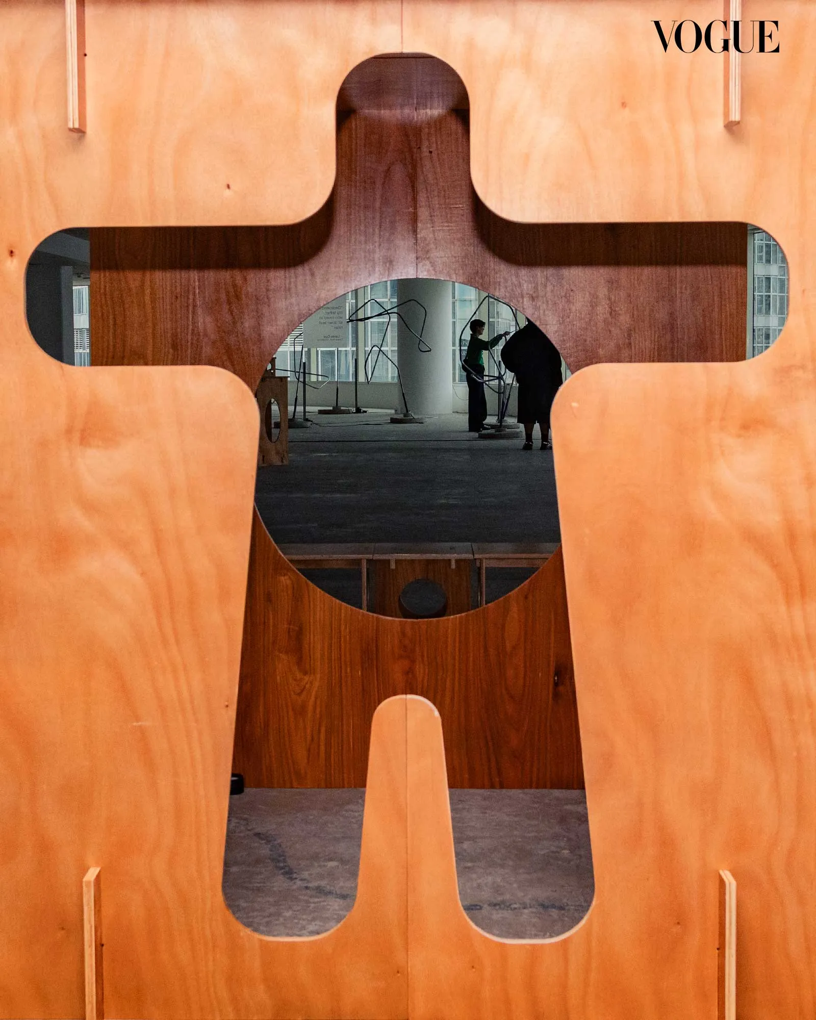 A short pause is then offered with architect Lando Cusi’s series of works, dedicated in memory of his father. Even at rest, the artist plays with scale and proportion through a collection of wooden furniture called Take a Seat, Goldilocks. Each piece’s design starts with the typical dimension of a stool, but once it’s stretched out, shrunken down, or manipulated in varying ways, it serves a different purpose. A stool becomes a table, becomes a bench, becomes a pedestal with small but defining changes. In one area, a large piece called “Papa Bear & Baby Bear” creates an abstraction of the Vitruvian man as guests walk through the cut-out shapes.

...

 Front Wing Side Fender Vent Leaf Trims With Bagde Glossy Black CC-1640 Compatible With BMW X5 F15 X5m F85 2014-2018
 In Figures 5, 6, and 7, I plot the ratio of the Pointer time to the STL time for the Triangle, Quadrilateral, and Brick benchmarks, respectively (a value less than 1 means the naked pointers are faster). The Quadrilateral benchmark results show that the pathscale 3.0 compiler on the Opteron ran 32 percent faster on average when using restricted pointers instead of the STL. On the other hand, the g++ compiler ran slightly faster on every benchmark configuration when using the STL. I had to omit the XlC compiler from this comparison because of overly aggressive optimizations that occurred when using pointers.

EXERCISE — Please copy the lines above from the line with "Front Wing Side" up to and including the line with "In Figures 5, 6, and", exactly as written and with nothing else.

RESULT BELOW —
 Front Wing Side Fender Vent Leaf Trims With Bagde Glossy Black CC-1640 Compatible With BMW X5 F15 X5m F85 2014-2018
 In Figures 5, 6, and 7, I plot the ratio of the Pointer time to the STL time for the Triangle, Quadrilateral, and Brick benchmarks, respectively (a value less than 1 means the naked pointers are faster). The Quadrilateral benchmark results show that the pathscale 3.0 compiler on the Opteron ran 32 percent faster on average when using restricted pointers instead of the STL. On the other hand, the g++ compiler ran slightly faster on every benchmark configuration when using the STL. I had to omit the XlC compiler from this comparison because of overly aggressive optimizations that occurred when using pointers.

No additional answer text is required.